WHAT NEEDS TO BE DONE:
Copy exactly the lines of the data below, beginning with the line with "Figure 5: Slot cut into sheet metal plug" and ending with the line with "BCS singing at the National Museum of Wales". Pictures are to be omitted.

RECORDS:

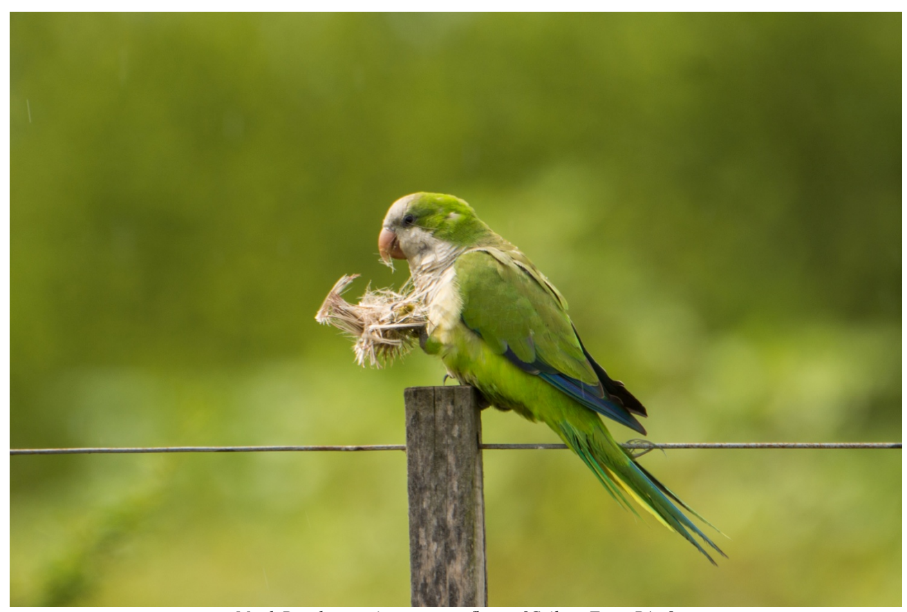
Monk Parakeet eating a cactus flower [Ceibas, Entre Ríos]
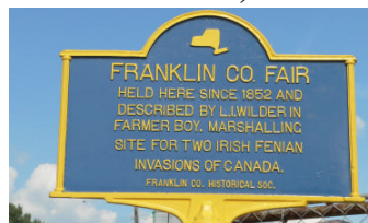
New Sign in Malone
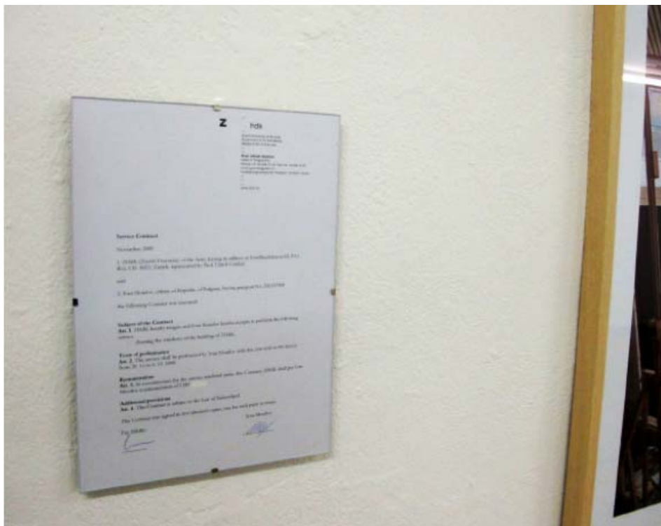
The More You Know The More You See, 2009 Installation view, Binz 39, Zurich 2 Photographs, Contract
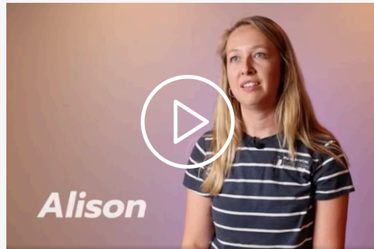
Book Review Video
--
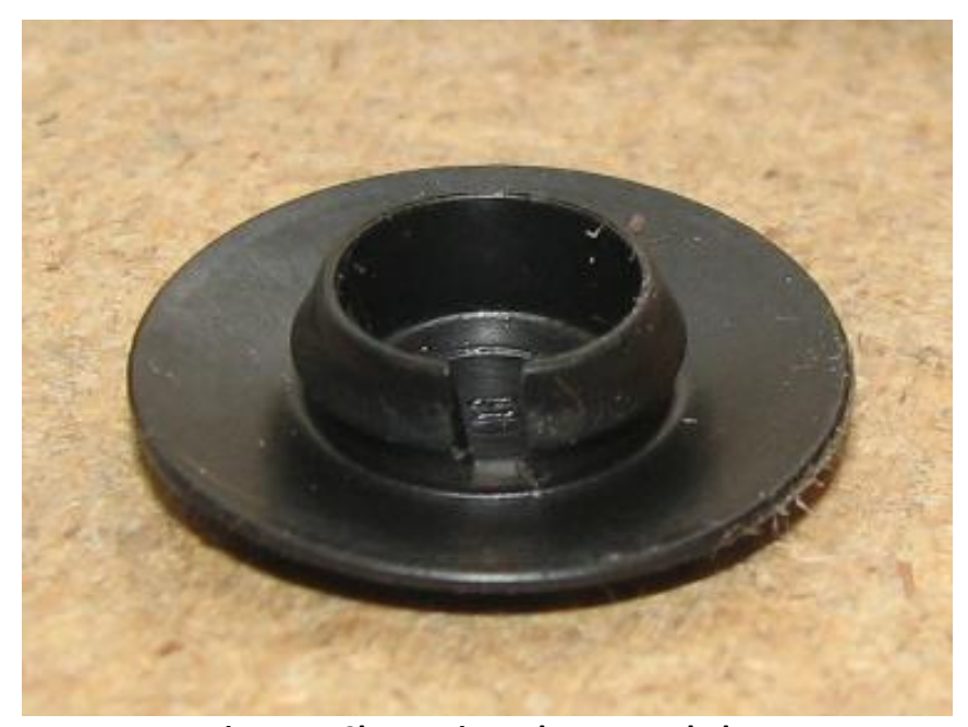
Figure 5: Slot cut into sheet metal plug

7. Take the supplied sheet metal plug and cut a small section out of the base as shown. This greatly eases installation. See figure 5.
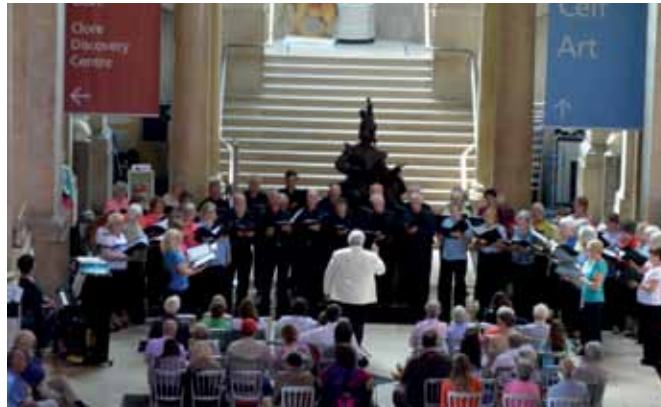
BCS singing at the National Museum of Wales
--
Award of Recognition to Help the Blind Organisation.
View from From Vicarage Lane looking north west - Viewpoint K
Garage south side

TASK ANSWER:
Figure 5: Slot cut into sheet metal plug

7. Take the supplied sheet metal plug and cut a small section out of the base as shown. This greatly eases installation. See figure 5.
BCS singing at the National Museum of Wales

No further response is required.